Once UK legislation is established in response to the EU Rental & Lending
Directive, it may be economically sensible for Re-Pro members to claim via
membership of PAMRA which is likely to have a lower level of administrative
charges. Certainly, an organisation that can represent the rights and claims
of the majority of performers will have a much stronger case when it comes
to collecting overseas royalties.
What has the The Rental & Lending Directive
got to do with it?
A 1992 the EC issued a Directive which instructed national governments to
create local laws which which harmonised EC law about a number of copyright
issues. A part of the Directive gives performers a 'right' to be paid for
broadcast and public uses of their work. This right already exists in many
other countries but having a 'right' in the UK should change the whole basis
of payment to performers. We say 'should ' because, the UK Government
may be persuaded to frame the new law in such a way as to diminish the scope
of the 'right'. For example, the law may allow the revenue to be offset
against advances. We will not waste time speculating but Re-Pro has been
and will continue to be directly involved in making your views known to
the powers that be.
What is PAMRA?
PAMRA, the Performing Artists Media Rights Association, is a new organisation
set up by the principal performers' organisations in the UK to represent
performers' interests. PAMRA's main task is expected to be handling the
performers' share of the revenues that will be generated as a result of
the forthcoming new law. Re-Pro has been involved in setting-up PAMRA from
the outset and now has a place on its Advisory Council and has supplied
one of the nominated Directors, Benny Gallagher.

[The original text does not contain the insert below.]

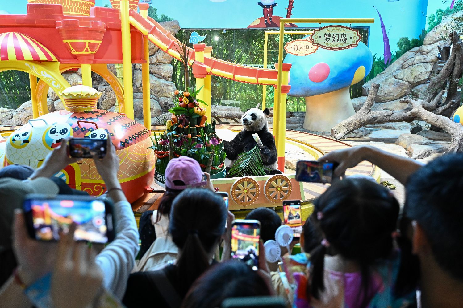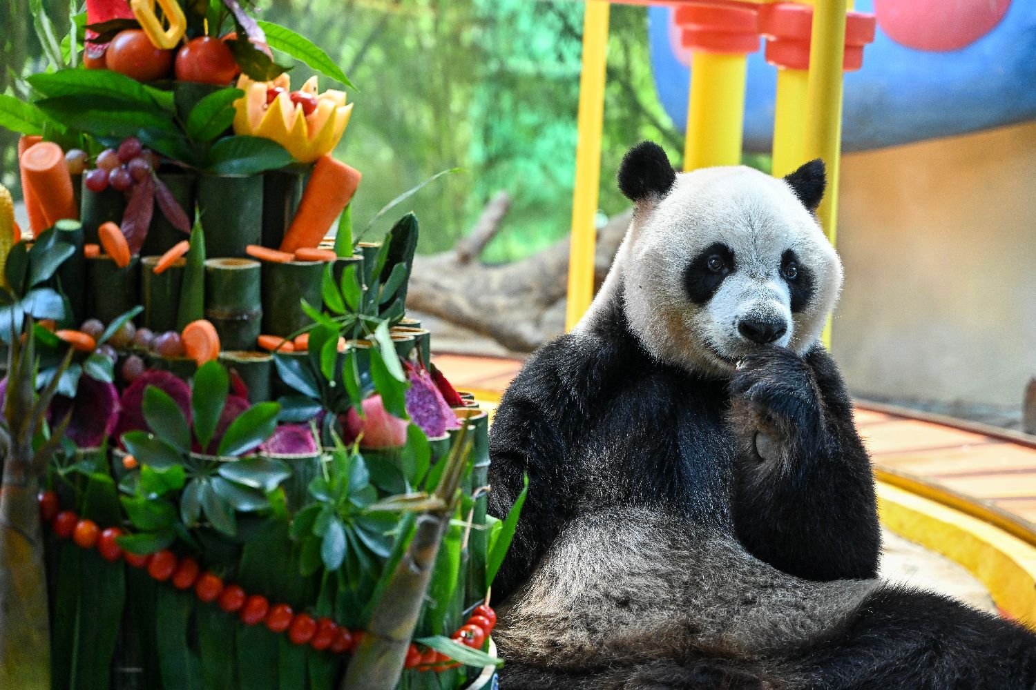 长隆野生动物世界为大熊猫举办了隆重的庆生活动。生日蛋糕是由蜂蜜水、水果块、竹笋、胡萝卜和竹子等“高端”食材制作而成,兼顾健康和美味,深受大熊猫们的喜爱。广州《羊城晚报》
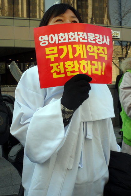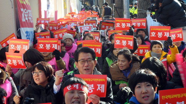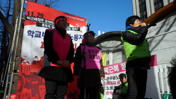 박금자 전국학교비정규직노동조합 위원장 역시 “60일간의 노숙투쟁과 삭발, 단식을 이어가며 총력 투쟁을 다했지만, 학교비정규직 노동자들에게 돌아온 것은 해고의 칼바람이었다”며 “해고라는 살인을 저지르고 있는 정부는 지금 당장 학교비정규직들의 고용을 보장할 것을 경고한다”고 강조했다.

Why is Re-Pro involved with PAMRA?
The BRPG spent considerable energy in its early days establishing exactly
what the 'studio' producer's job entailed and we came up with a general
description which divides the job into three areas of responsibility: administrative,
technical and creative. Our position in PAMRA is concerned with our creative
role and in establishing that one part of our job amounts to a performance.
Every 'studio producer' and many engineers feel that the creative part of
the job is increasing as artists demand state-of-the-art technologies which
require artistic and musical decisions to be made by the recording team.
In addition, many 'studio producers' working with sequencers, digital audio
editors, samplers and so forth are creating performances themselves. Also,
some see the job of balancing the various contributions to a recording,
setting tempos, or directing the performances of others as being parallel
to that of an orchestral conductor - a role internationally recognised as
a performance. PAMRA, being a new organisation, now has a great opportunity
to establish its rules and payment schemes in line with the realities of
the recording processes of the '90s. These, we hope, will recognise the
contributions by participants such as re-mix engineers, programmers, session
directors and conductors in their own right - rather than via some tenuous
juggling with words and their meanings.
What about the record companies?
Historically, our contractual relationship with record companies has assigned
to them whatever rights we have in the © of the recordings we make.
This contractual act is what gives the record companies the ability to exploit
recordings as entirely their own property - until these rights are transferred
by contract, the 'studio producer' is a part owner in the © in the
sound recording. It is claimed to be commercially vital, especially when
so many new areas of exploitation are opening up, for the record companies
to have complete ownership and control of recorded product. New rights for
performers may change the whole balance of the situation - watch this space!
We are hoping to persuade the record companies to make a simple change to
producer contracts that would acknowledge our initial ownership as well
secure by specific assignment all of our rights in the recording to the
companies for them to exploit in perpetuity. Tied to this would be a second
simple change which would extend the royalty provisions in the contract
to include a pro-rated share of all performance revenues.